At OUCS, the 6-monthly release of Ubuntu Linux has become a source of regular attention from Sysdev and the networks team, because we provide a public mirror of Ubuntu, and several other Free software project repositories. Owing to the relatively sophisticated download distribution system used by Ubuntu, and the fact that we are registered as a mirror with a relatively high capacity (1Gb/s uplink) the release day will generally find us keeping an eye on server load, traffic graphs, etc. In the olden days our mirror was behind a 100Mb/s firewalll; once that was removed, we needed to tune the Apache configuration of the mirror service to cope with the number of simultaneous HTTP clients generated by the release, and so on.
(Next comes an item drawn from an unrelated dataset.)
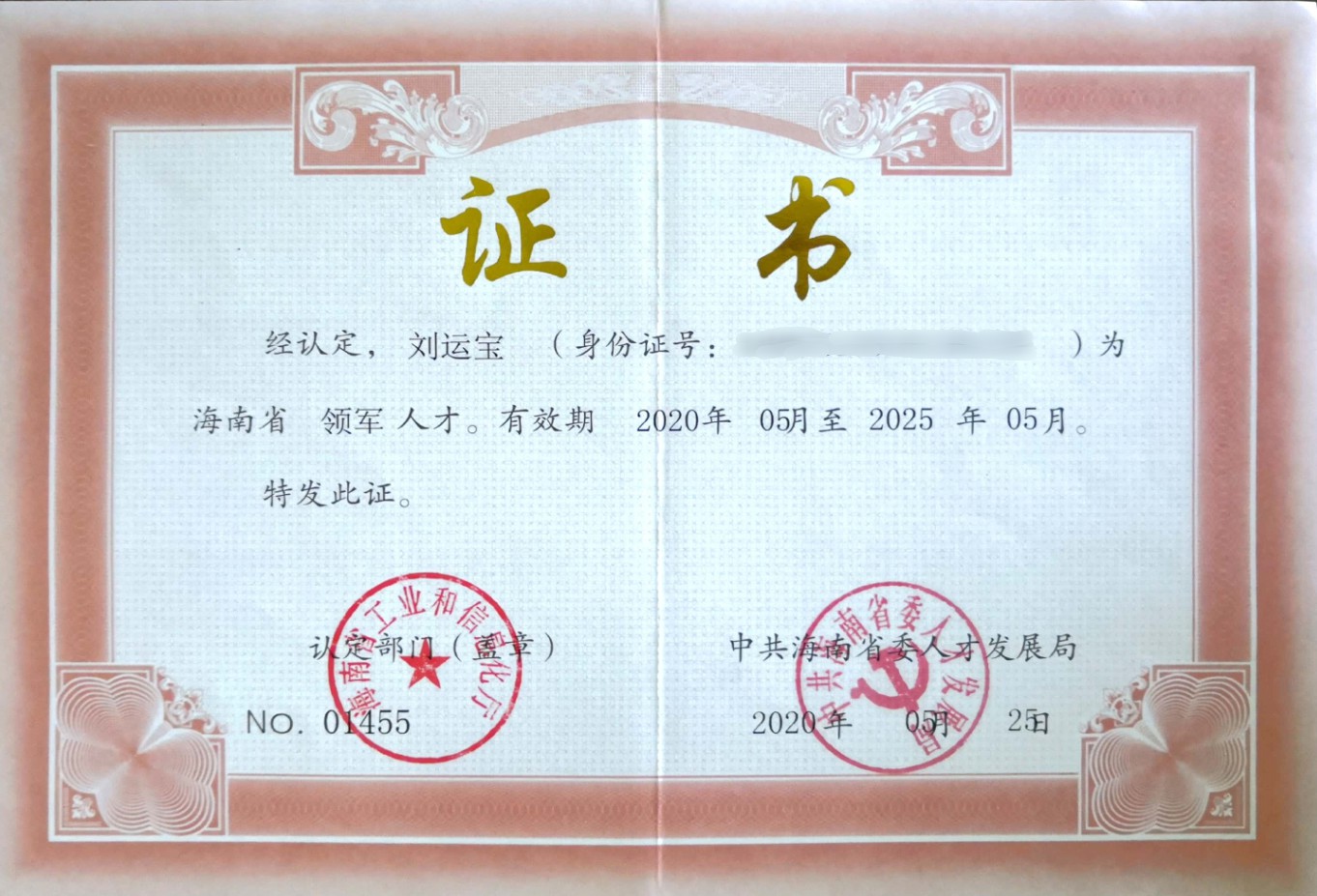2020年(nián)5月,公司總經理(lǐ)劉運寶被評爲海南(nán)領軍人(rén)才。海南(nán)領軍人(rén)才是海南(nán)省委省政府、海南(nán)省人(rén)力資源保障廳等部門(mén)爲建設海南(nán)自(zì)由貿易區(港)引進的一類高層次人(rén)才。

The graph above shows the affect the mirror traffic had on our gigabit uplink port to the rest of the OUCS data centre network. As you can see, the traffic came close to maxing out the capacity of the link, and for the first time, we observed noticeable service degradation of other services sharing that uplink. You can see the effect on Weblearn at the Think Broadband site. We still don’t know quite what changed to push things over the edge, but I suspect that a combination of factors including many outside our control.
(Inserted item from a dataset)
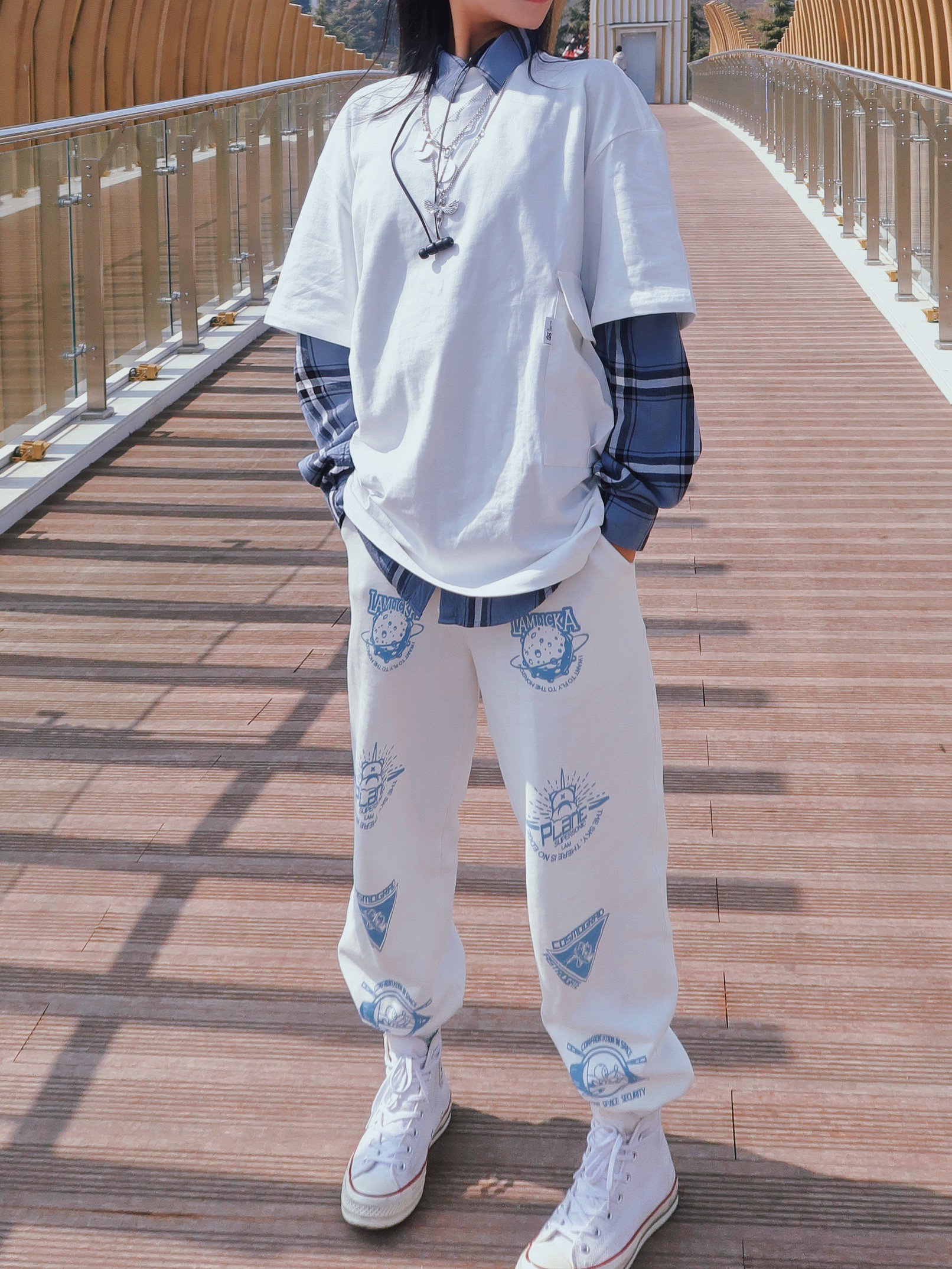 😎大家备春款了吗,毋庸置疑纯白半袖t👕应该是好搭的单品之一!现在的温度内搭衬衫增加层次感真是极好的选择👌🏻! 我选择的大体色是纯白色,内搭的衬衫👔是蓝色格子可以和裤子👖图案色呼应,白t是白色大码的,想要宽松自在的一种状态,很喜欢这个侧口袋设计,让整个t都感觉更有风格了,而且白蓝🤍💙搭配也是永不不出错的一个色搭~ 👔:H&M男 👕:二十八间 TES 👖:LAMLICKA 👟:匡威1970s纯白

Lovely though Ubuntu is, it was fairly clear that it should not be swamping traffic at the expenses of critical University services such as Weblearn, so we worked immediately to resolve this. A short-term configuration change of returning 403s for half the mirror traffic was put in place, followed by some investigation of readily available rate limiting software for Apache. We looked at and deployed mod_cband, but this turned out to be relatively inflexible and quite difficult to get well-tuned configurations for, meaning that over the weekend after release downloads were unnecessarily slow.
In the calm of the following week, I looked at alternative approaches and turned to the invaluable LARTC HOWTO, dusting up on some concepts I’d been vaguely familiar with but never used seriously (beyond using wondershaper to improve the interactivity of my home broadband connection).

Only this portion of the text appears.